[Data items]
▬▬▬▬▬▬

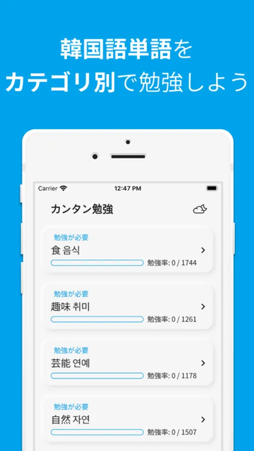 韓国語単語勉強アプリ、カンタン勉強(韓国語単語)
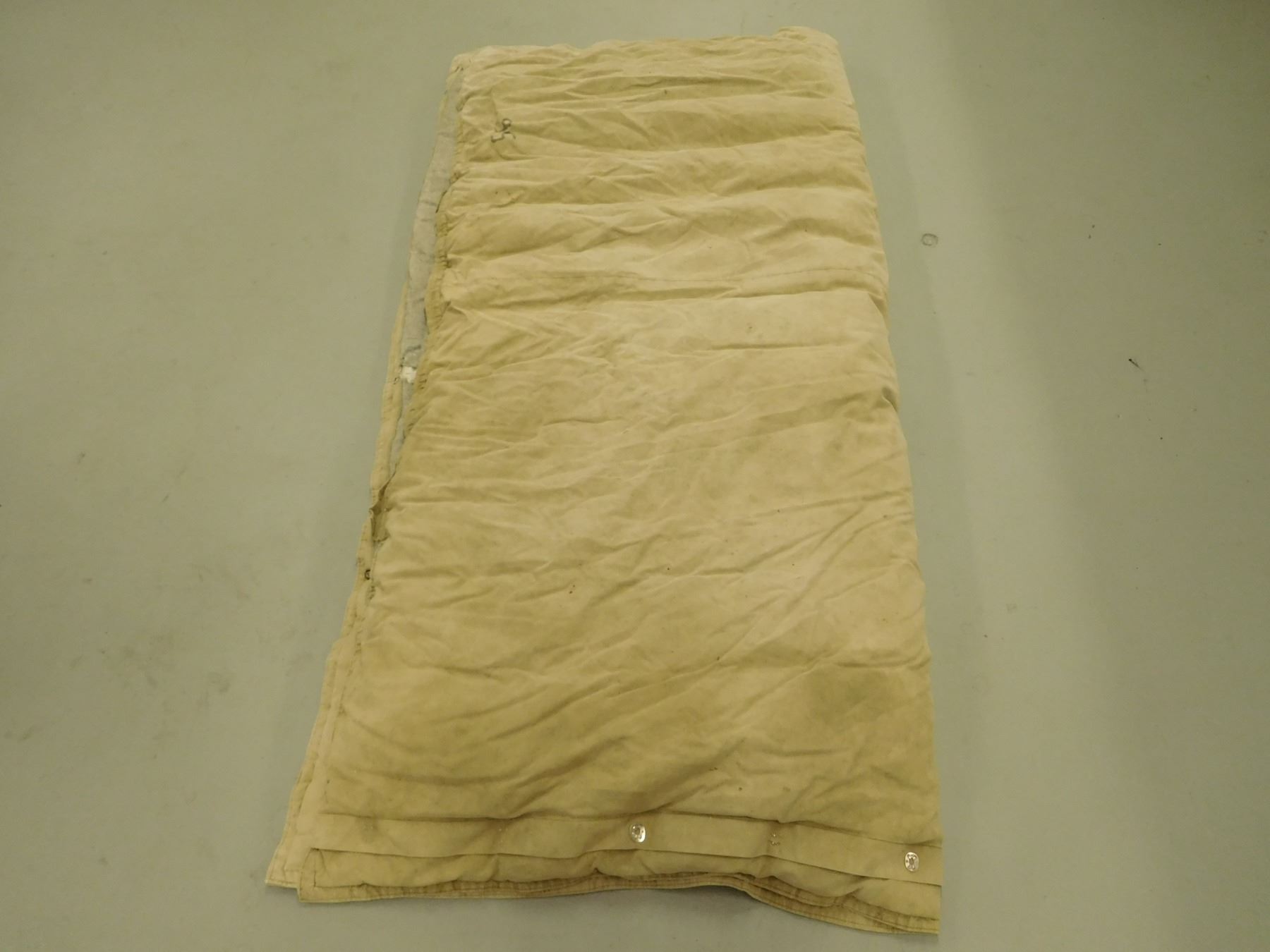 MILITARY ARCTIC SLEEPING BAG , IS TORN WITH STAINS APPROX SIZE 75 X 75" MARKED 56
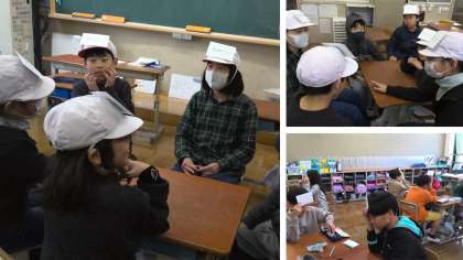 友達とひみつの言葉が自然と出るように話してみて、自分の持っているカードの言葉を推測しながら会話を続けました。
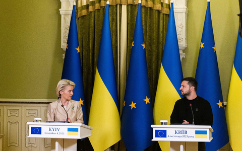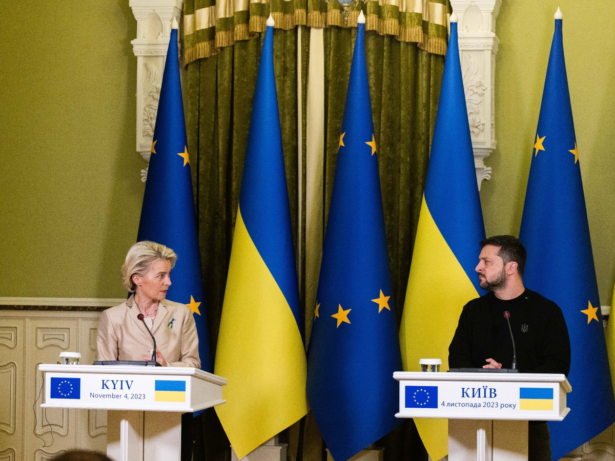 Die Kommissionspräsidentin war am Morgen zu ihrem sechsten Besuch in der Ukraine seit dem russischen Angriff vor gut 20 Monaten eingetroffen. Am kommenden Mittwoch legt sie in Brüssel den Bericht zu den Reformfortschritten der Ukraine vor. Auf dieser Grundlage wollen dann im Dezember die Staats- und Regierungschefs der Europäischen Union entscheiden, ob die Beitrittsverhandlungen mit der Regierung in Kiew gestartet werden sollen. Die EU hatte die Ukraine schon im vergangenen Jahr wenige Monate nach der russischen Invasion zum Beitrittskandidaten gemacht.
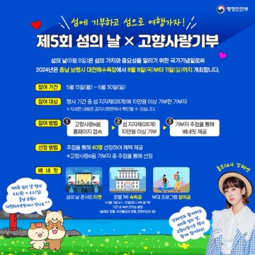 행정안전부는 제5회 섬의 날 행사를 홍보하고, 섬 지역 지자체에 기부를독려하고자 ‘고향사랑기부’에 참여한 기부자에게 호텔 숙박권 등을 제공하는『우리 섬 사랑 기부』 이벤트를 진행한다고 밝혔다.
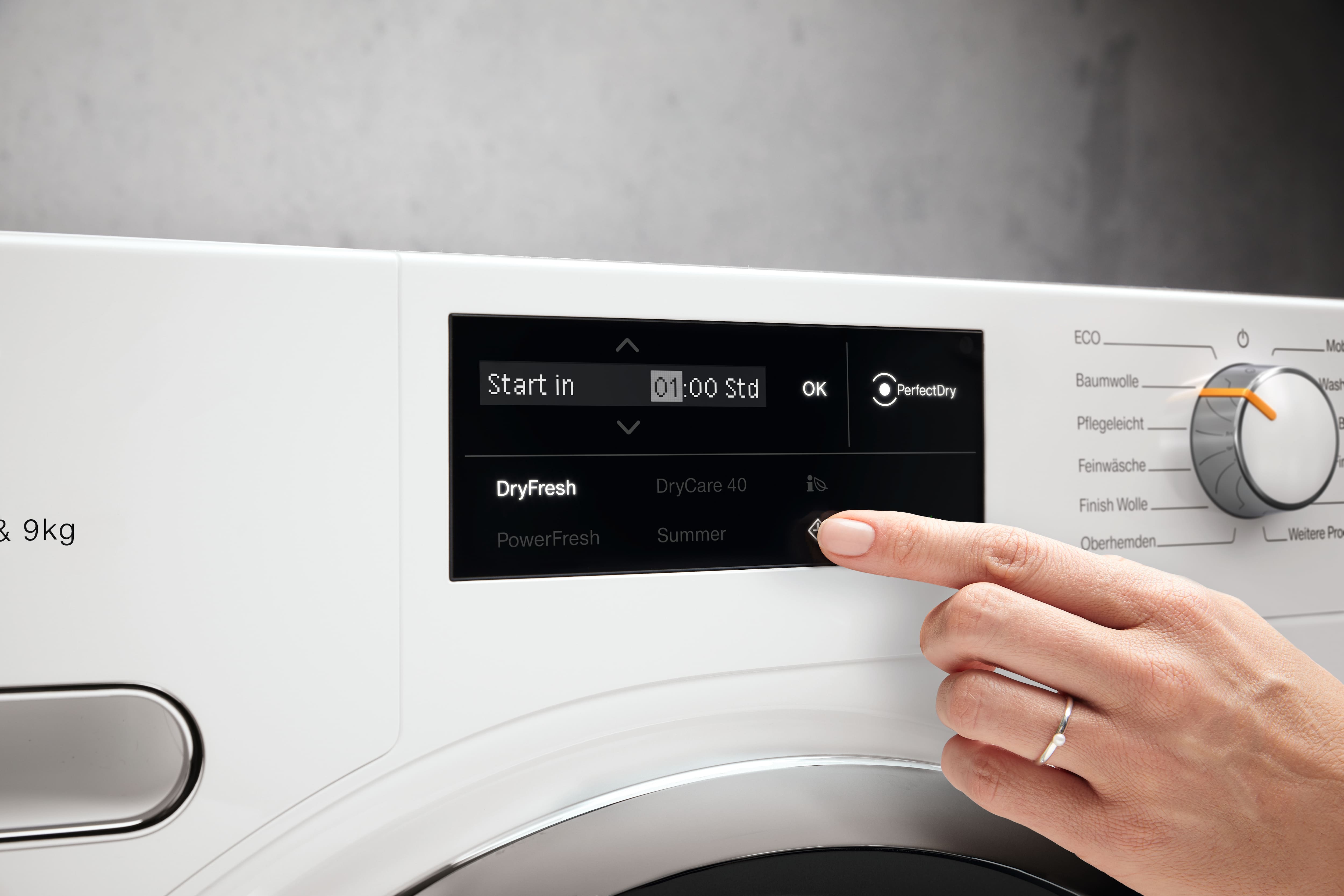 Използвайте новите опции с DryCare 40 и сушете всички артикули, които могат да се перат на 40 °C.* - EcoSpeed ефективно намалява времето за сушене с 20 минути*В сравнение със сушилни Miele без EcoSpeed със същия капацитет на зареждане и подобна енергийна ефективност. Тествани с програмата “Памук” с пълно зареждане.
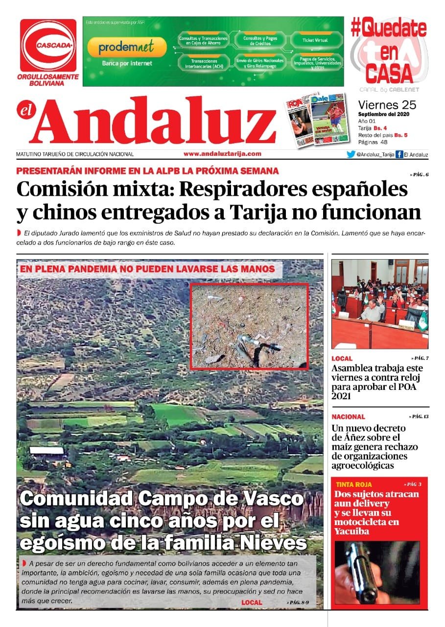 Navegación de entradasComisión mixta: Respiradores españoles y chinos entregados a Tarija no funcionan Portada
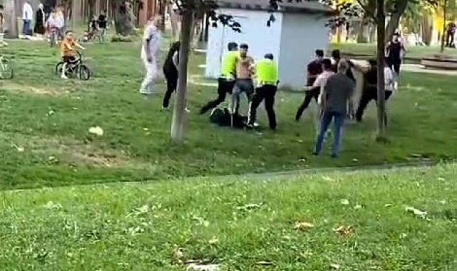 Bursa'nın İnegöl ilçesinde korna çalma nedeniyle çıkan tartışma kavgaya dönüştü. Birbirlerine tekme-tokat saldıran 5 şahıs polis ekiplerince zorlukla etkisiz hale getirildi. Kavga anı amatör kameraya yansıdı.
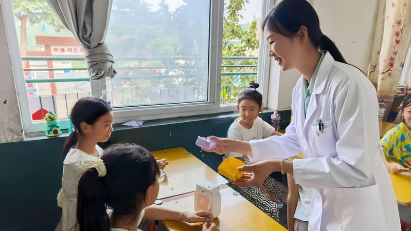 活动首战在村委会旁的空教室精心布置学习角落,推进儿童关爱活动 ,为25名留守儿童开展一对一作业辅导。在村委会旁布置的学习角里,队员谢雨瞳为四年级学生王宇辅导数学图形题时,面对理解难点不急躁,通过草稿纸画图演示的方式逐步引导,直至孩子完全掌握。6 岁妞妞手持 “医” 字卡片准确认读,并关联到 “昨日测血压的姐姐所教”,不仅体现出此前活动的知识延续性,更说明这种结合生活场景的教学方式,能让孩子快速吸收知识,实现了知识启蒙与兴趣培养的双重效果,现场活跃的互动氛围也让孩子们在快乐中收获成长。
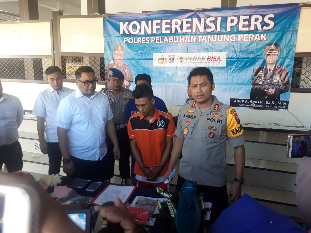 [irp]Kapolres Pelabuhan Tanjung Perak Surabaya, AKBP Antonius Agus Rahmanto membenarkan penangkapan tersebut.dari hasil pengembangan, dan juga hasil interogasi pelaku ini bersama rekannya (DPO) telah melakukan aksi penjambretan sebanyak kurang lebih 14 kali. Belasan tempat tersebut diantaranya, sekitaran Jalan Perak Barat-Timur, Kalianak, Margomulyo, Demak, dan Jalan Tanjung Sadari. “Iya benar, satu pelaku jambret sadis itu sudah ditangkap, sesuai janji kita yakni akan mengungkap kasus yang meresahkan tersebut,” ujar Agus Rahmanto, Senin (29/7/2019).
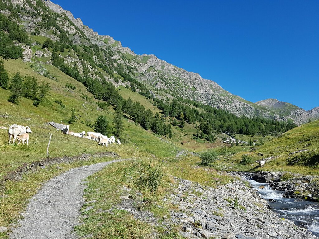 Il sentiero corre in Traverso con bella vista sul borgo di Chianale, tocca alcune baite isolate e inizia a scendere verso il Torrente Soustra che si oltrepassa su un ponticello di legno nei pressi delle Grange del Rio. (2007 m).
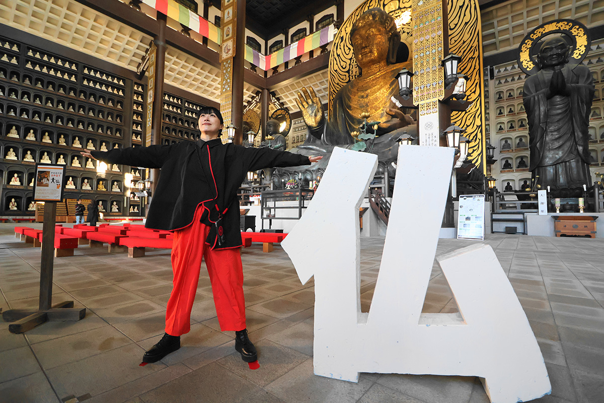日本一の大きさの坐像「越前大仏」。壁一面に1281体の仏像がずらりと並んでいる様子も圧巻です
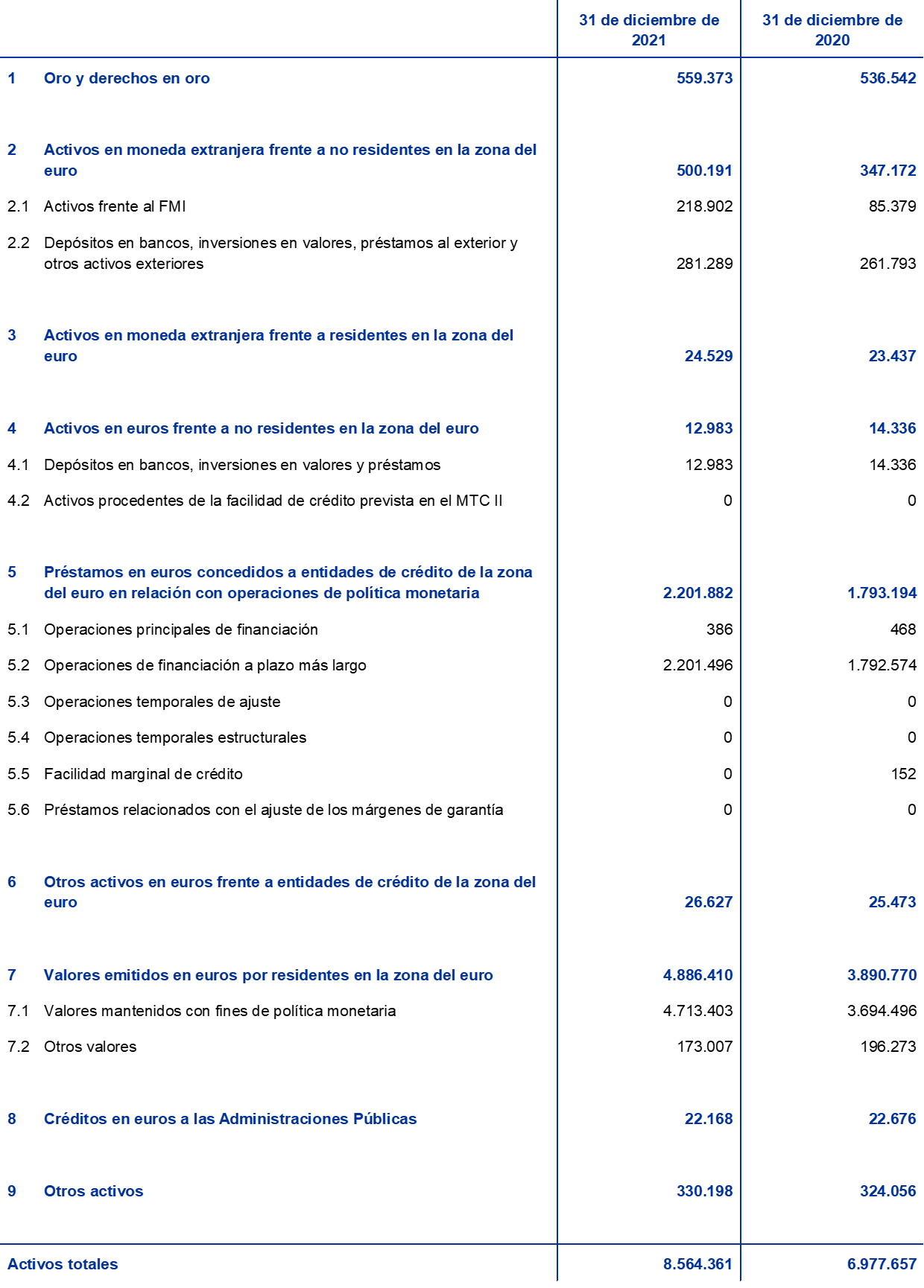 Balance consolidado del Eurosistema a 31 de diciembre de 2021
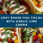 Start by laying a piece of baked fish on each tortilla. Top with thinly sliced purple cabbage for crunch and color, then layer on avocado slices, diced tomatoes if using, red onion, and fresh cilantro. Sprinkle a generous amount of crumbled Cotija cheese over the top. Finally, drizzle the luscious garlic lime crema over everything, ensuring each bite is bursting with vibrancy and creaminess. Serve immediately with lime wedges on the side for that fresh squeeze of citrus that makes the whole dish sing.
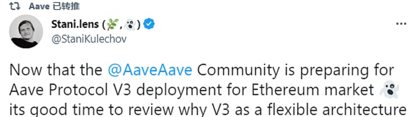 Aave创始人Stani Kulechov发推表示,“现在,Aave社区正准备在以太坊上部署Aave V3”。

▬▬▬▬▬▬

# Exercise:
Only an exact copy of the records, free of images, belongs in the answer.

# Answer for this exercise:
 韓国語単語勉強アプリ、カンタン勉強(韓国語単語)
 MILITARY ARCTIC SLEEPING BAG , IS TORN WITH STAINS APPROX SIZE 75 X 75" MARKED 56
 友達とひみつの言葉が自然と出るように話してみて、自分の持っているカードの言葉を推測しながら会話を続けました。
 Die Kommissionspräsidentin war am Morgen zu ihrem sechsten Besuch in der Ukraine seit dem russischen Angriff vor gut 20 Monaten eingetroffen. Am kommenden Mittwoch legt sie in Brüssel den Bericht zu den Reformfortschritten der Ukraine vor. Auf dieser Grundlage wollen dann im Dezember die Staats- und Regierungschefs der Europäischen Union entscheiden, ob die Beitrittsverhandlungen mit der Regierung in Kiew gestartet werden sollen. Die EU hatte die Ukraine schon im vergangenen Jahr wenige Monate nach der russischen Invasion zum Beitrittskandidaten gemacht.
 행정안전부는 제5회 섬의 날 행사를 홍보하고, 섬 지역 지자체에 기부를독려하고자 ‘고향사랑기부’에 참여한 기부자에게 호텔 숙박권 등을 제공하는『우리 섬 사랑 기부』 이벤트를 진행한다고 밝혔다.
 Използвайте новите опции с DryCare 40 и сушете всички артикули, които могат да се перат на 40 °C.* - EcoSpeed ефективно намалява времето за сушене с 20 минути*В сравнение със сушилни Miele без EcoSpeed със същия капацитет на зареждане и подобна енергийна ефективност. Тествани с програмата “Памук” с пълно зареждане.
 Navegación de entradasComisión mixta: Respiradores españoles y chinos entregados a Tarija no funcionan Portada
 Bursa'nın İnegöl ilçesinde korna çalma nedeniyle çıkan tartışma kavgaya dönüştü. Birbirlerine tekme-tokat saldıran 5 şahıs polis ekiplerince zorlukla etkisiz hale getirildi. Kavga anı amatör kameraya yansıdı.
 活动首战在村委会旁的空教室精心布置学习角落,推进儿童关爱活动 ,为25名留守儿童开展一对一作业辅导。在村委会旁布置的学习角里,队员谢雨瞳为四年级学生王宇辅导数学图形题时,面对理解难点不急躁,通过草稿纸画图演示的方式逐步引导,直至孩子完全掌握。6 岁妞妞手持 “医” 字卡片准确认读,并关联到 “昨日测血压的姐姐所教”,不仅体现出此前活动的知识延续性,更说明这种结合生活场景的教学方式,能让孩子快速吸收知识,实现了知识启蒙与兴趣培养的双重效果,现场活跃的互动氛围也让孩子们在快乐中收获成长。
 [irp]Kapolres Pelabuhan Tanjung Perak Surabaya, AKBP Antonius Agus Rahmanto membenarkan penangkapan tersebut.dari hasil pengembangan, dan juga hasil interogasi pelaku ini bersama rekannya (DPO) telah melakukan aksi penjambretan sebanyak kurang lebih 14 kali. Belasan tempat tersebut diantaranya, sekitaran Jalan Perak Barat-Timur, Kalianak, Margomulyo, Demak, dan Jalan Tanjung Sadari. “Iya benar, satu pelaku jambret sadis itu sudah ditangkap, sesuai janji kita yakni akan mengungkap kasus yang meresahkan tersebut,” ujar Agus Rahmanto, Senin (29/7/2019).
 Il sentiero corre in Traverso con bella vista sul borgo di Chianale, tocca alcune baite isolate e inizia a scendere verso il Torrente Soustra che si oltrepassa su un ponticello di legno nei pressi delle Grange del Rio. (2007 m).
日本一の大きさの坐像「越前大仏」。壁一面に1281体の仏像がずらりと並んでいる様子も圧巻です
 Balance consolidado del Eurosistema a 31 de diciembre de 2021
 Start by laying a piece of baked fish on each tortilla. Top with thinly sliced purple cabbage for crunch and color, then layer on avocado slices, diced tomatoes if using, red onion, and fresh cilantro. Sprinkle a generous amount of crumbled Cotija cheese over the top. Finally, drizzle the luscious garlic lime crema over everything, ensuring each bite is bursting with vibrancy and creaminess. Serve immediately with lime wedges on the side for that fresh squeeze of citrus that makes the whole dish sing.
 Aave创始人Stani Kulechov发推表示,“现在,Aave社区正准备在以太坊上部署Aave V3”。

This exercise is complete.